ー ここでちょっとひと休み!写真フォルダの主役や、恋しくなる地元の味は?
私のSlackアイコン、実はうちの猫なんです。パソコンで学習しているときに、画面をじっと見ている猫を思わず後ろから撮った一枚です。2代目で、今6歳です。フォトコンの写真を選ぶときも、フォルダを見返したら猫の写真ばっかりでした。実はこのインタビュー中もずっと後ろで鳴いていたんですが、タンスの上から私のいる場所に着地したくて「どいて」って催促していたみたいです。しょうがないので、別の場所に着地してもらいました。
もう一つ、地元が恋しくなるのがラーメンです。福岡はとんこつが主流で、それはそれで美味しいのですが、地元で食べていた鶏ガラや魚介の醤油系が食べたくなるんですよね。帰省すると必ず地元のラーメンを食べていて、家族に「そんなのでいいの?もっといいもの食べさせるよ」と言われても、「いや、これを食べに帰ってきたんだ」って言ってます。
ー 最後に、この一枚に込めた思いを聞かせてください。
地元・岩手には、名前が表に出ないまま眠っている魅力がたくさんあると思っています。
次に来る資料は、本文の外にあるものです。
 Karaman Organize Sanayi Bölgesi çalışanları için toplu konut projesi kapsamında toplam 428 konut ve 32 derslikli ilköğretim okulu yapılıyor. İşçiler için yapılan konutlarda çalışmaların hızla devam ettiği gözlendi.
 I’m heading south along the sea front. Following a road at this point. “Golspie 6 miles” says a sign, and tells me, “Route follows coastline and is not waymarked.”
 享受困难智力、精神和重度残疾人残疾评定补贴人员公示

この一枚が、そんな岩手や宮古に興味を持ってもらうきっかけになったら、これ以上うれしいことはありません。ぜひ一度、足を運んでみてください。
ぬまさん、最優秀賞、本当におめでとうございます!そして、たっぷりお話を聞かせてくださって、ありがとうございました。
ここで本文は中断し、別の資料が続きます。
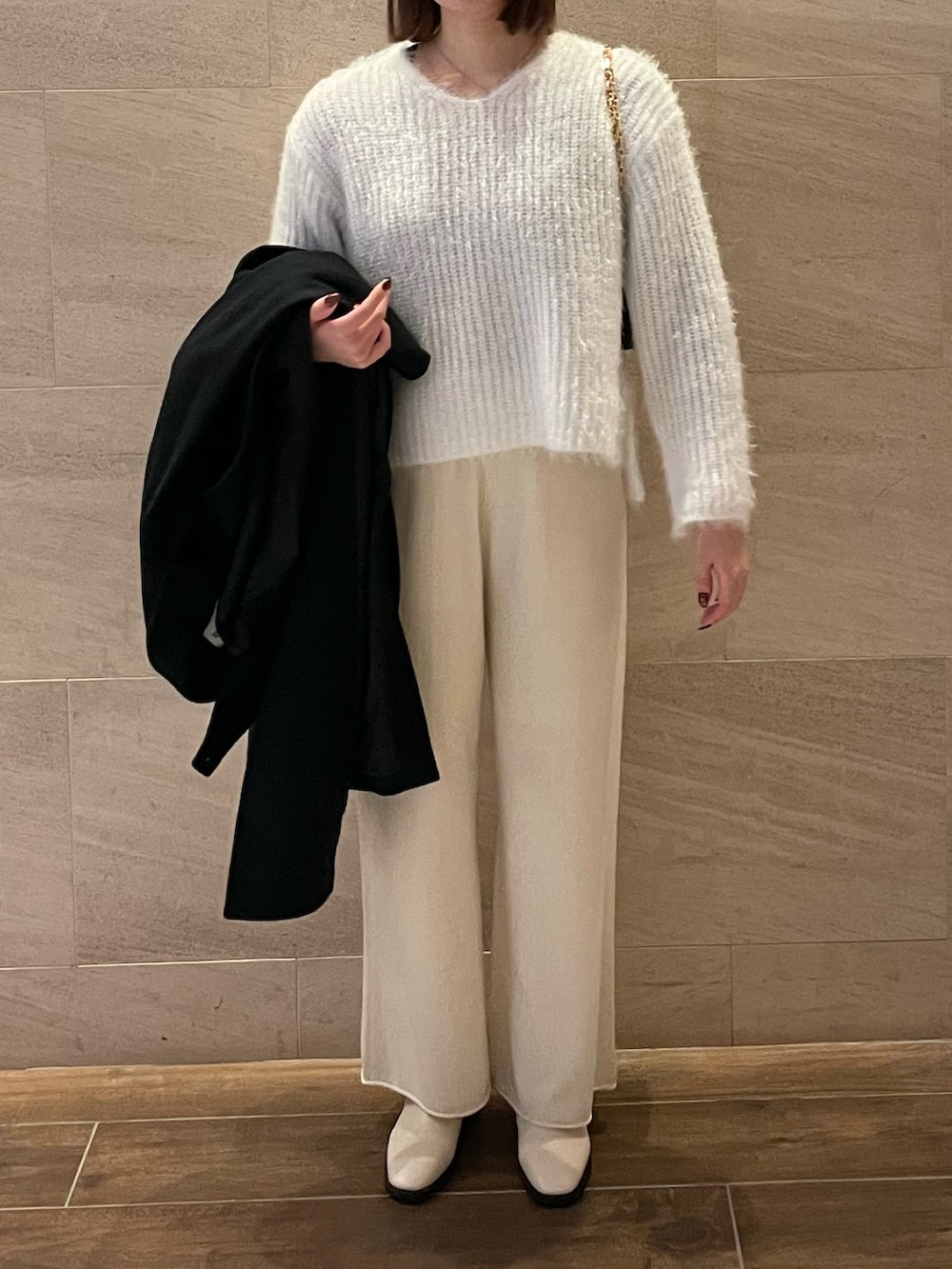 ニット素材でストレートで綺麗めに着れるので可愛い。カジュアルにゆったりした感じで着れるのでおすすめです◎

離れて暮らしているからこそ見えてくる、地元の景色や味。ぬまさんの一枚と言葉には、「大切な場所を、誰かに伝えたい」という、まっすぐで温かい気持ちが詰まっていました。
名所の名前は知らなくても、私たちはもう、映画やドラマのどこかで、その景色に出会っているのかもしれませんね。
それでは、次回のインタビューもお楽しみに!
P.S. ぬまさんからのメッセージ📩
オススメ商品『瓶ドン』
市場では生ウニを牛乳瓶に入れて販売しているのですが、その文化から着想を得て生まれた商品だそうです!
岩手県宮古市内の8店舗で、それぞれ異なる個性の「瓶ドン」を楽しむことができます✨
私も地元に帰った際にお土産として買って帰りましたが、本当に美味しかったです!